→ Description of the task
Look below for the line containing "a sinistra, la" and the line containing "Bring that chic"; repeat exactly those two lines and all lines between them, and nothing else.

------------------------------

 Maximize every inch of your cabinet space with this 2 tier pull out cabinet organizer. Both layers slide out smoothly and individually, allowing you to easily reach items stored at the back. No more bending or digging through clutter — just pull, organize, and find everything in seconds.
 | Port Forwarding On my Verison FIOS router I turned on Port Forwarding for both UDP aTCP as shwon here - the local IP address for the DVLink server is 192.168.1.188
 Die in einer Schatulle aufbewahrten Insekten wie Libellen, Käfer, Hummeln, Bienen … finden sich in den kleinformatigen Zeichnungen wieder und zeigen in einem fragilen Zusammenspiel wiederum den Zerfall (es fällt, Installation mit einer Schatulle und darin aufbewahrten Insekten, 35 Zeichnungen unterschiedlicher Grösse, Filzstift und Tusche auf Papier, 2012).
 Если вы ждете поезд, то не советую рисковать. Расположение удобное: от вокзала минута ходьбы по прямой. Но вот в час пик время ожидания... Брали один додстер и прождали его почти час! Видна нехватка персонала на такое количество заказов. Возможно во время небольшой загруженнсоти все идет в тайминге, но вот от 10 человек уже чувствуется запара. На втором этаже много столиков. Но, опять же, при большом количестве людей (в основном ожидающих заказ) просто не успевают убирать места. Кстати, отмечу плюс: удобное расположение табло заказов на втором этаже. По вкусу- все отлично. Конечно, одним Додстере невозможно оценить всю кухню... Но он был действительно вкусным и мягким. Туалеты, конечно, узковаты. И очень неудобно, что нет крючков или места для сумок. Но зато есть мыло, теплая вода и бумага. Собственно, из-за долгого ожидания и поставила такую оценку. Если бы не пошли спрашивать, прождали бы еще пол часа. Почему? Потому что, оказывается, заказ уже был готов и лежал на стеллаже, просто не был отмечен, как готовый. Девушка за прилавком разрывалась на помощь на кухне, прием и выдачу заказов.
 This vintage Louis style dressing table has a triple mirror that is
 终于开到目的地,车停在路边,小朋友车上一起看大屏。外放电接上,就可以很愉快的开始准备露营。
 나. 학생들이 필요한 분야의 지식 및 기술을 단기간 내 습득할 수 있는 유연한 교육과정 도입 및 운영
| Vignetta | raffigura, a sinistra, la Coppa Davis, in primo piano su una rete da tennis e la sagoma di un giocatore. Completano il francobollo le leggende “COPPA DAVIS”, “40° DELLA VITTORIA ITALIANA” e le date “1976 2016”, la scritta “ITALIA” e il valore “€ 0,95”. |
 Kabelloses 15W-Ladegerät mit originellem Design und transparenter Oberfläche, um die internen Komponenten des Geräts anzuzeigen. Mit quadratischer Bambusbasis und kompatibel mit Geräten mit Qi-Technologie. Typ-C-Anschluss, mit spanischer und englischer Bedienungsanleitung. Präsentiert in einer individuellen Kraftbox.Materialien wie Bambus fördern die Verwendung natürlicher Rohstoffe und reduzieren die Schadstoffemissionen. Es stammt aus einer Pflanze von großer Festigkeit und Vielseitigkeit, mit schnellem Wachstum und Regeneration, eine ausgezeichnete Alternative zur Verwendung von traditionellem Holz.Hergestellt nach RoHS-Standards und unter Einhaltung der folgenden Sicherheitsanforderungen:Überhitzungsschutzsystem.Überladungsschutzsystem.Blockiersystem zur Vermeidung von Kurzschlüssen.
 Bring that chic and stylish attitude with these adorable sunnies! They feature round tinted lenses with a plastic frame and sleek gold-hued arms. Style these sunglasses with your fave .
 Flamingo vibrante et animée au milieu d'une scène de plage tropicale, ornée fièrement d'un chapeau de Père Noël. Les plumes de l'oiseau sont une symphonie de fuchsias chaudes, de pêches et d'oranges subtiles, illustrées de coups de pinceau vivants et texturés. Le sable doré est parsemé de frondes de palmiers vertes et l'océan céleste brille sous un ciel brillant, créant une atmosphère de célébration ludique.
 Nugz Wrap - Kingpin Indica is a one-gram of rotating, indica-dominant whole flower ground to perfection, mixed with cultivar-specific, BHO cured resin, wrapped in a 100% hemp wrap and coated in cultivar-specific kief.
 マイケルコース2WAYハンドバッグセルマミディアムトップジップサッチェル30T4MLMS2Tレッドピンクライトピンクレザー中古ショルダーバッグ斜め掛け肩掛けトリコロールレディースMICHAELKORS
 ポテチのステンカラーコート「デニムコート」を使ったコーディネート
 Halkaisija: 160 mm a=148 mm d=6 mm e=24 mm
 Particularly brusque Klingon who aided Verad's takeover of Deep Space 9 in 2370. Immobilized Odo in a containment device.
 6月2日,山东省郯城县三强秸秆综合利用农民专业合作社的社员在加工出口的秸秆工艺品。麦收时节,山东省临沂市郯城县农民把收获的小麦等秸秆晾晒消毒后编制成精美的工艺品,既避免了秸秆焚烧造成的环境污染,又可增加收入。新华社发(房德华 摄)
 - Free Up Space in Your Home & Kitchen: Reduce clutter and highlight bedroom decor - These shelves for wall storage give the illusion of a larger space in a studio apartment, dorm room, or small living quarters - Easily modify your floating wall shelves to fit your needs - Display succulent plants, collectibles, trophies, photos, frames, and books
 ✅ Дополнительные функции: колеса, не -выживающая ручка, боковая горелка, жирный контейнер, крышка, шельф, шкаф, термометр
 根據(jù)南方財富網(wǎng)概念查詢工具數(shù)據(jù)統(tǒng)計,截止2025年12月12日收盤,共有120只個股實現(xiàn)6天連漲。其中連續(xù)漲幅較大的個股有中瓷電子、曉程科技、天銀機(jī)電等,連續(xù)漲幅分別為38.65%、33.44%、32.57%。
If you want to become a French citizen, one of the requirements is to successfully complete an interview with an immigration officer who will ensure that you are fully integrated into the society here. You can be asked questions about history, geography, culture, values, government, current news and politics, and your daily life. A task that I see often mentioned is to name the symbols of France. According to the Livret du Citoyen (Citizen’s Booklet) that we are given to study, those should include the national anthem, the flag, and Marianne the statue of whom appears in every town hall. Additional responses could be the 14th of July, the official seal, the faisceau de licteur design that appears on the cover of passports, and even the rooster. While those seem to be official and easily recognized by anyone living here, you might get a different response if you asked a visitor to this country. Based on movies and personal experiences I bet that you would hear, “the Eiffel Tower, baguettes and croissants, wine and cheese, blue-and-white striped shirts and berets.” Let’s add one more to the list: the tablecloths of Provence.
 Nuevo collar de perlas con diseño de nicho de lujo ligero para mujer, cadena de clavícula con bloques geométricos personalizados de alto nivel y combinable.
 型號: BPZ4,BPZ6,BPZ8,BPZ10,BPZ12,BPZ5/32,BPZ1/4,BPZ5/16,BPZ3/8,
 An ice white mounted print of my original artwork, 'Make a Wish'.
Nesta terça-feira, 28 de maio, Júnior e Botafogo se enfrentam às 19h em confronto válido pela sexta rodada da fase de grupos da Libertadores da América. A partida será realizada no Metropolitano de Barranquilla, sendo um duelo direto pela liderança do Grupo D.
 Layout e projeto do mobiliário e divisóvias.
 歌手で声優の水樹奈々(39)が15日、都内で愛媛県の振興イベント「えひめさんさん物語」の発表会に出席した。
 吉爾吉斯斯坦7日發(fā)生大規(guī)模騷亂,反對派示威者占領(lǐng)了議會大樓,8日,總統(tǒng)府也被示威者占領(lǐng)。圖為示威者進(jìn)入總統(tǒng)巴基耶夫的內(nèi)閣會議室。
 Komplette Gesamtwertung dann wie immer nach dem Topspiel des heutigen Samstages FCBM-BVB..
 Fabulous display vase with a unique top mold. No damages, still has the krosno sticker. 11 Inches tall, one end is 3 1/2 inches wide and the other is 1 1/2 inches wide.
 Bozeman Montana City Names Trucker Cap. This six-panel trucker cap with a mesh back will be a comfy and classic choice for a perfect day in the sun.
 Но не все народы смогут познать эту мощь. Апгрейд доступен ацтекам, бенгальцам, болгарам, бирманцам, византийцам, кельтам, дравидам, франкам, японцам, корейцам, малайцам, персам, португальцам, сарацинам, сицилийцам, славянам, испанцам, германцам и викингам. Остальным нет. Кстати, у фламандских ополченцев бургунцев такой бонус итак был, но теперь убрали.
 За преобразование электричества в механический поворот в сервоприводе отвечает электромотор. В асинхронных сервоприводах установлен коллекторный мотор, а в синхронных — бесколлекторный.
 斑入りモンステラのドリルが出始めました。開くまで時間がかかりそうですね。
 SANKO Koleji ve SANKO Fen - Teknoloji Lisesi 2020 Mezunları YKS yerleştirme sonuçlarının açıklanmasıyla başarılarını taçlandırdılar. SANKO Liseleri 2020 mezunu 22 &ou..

------------------------------

→ Answer for this exercise
| Vignetta | raffigura, a sinistra, la Coppa Davis, in primo piano su una rete da tennis e la sagoma di un giocatore. Completano il francobollo le leggende “COPPA DAVIS”, “40° DELLA VITTORIA ITALIANA” e le date “1976 2016”, la scritta “ITALIA” e il valore “€ 0,95”. |
 Kabelloses 15W-Ladegerät mit originellem Design und transparenter Oberfläche, um die internen Komponenten des Geräts anzuzeigen. Mit quadratischer Bambusbasis und kompatibel mit Geräten mit Qi-Technologie. Typ-C-Anschluss, mit spanischer und englischer Bedienungsanleitung. Präsentiert in einer individuellen Kraftbox.Materialien wie Bambus fördern die Verwendung natürlicher Rohstoffe und reduzieren die Schadstoffemissionen. Es stammt aus einer Pflanze von großer Festigkeit und Vielseitigkeit, mit schnellem Wachstum und Regeneration, eine ausgezeichnete Alternative zur Verwendung von traditionellem Holz.Hergestellt nach RoHS-Standards und unter Einhaltung der folgenden Sicherheitsanforderungen:Überhitzungsschutzsystem.Überladungsschutzsystem.Blockiersystem zur Vermeidung von Kurzschlüssen.
 Bring that chic and stylish attitude with these adorable sunnies! They feature round tinted lenses with a plastic frame and sleek gold-hued arms. Style these sunglasses with your fave .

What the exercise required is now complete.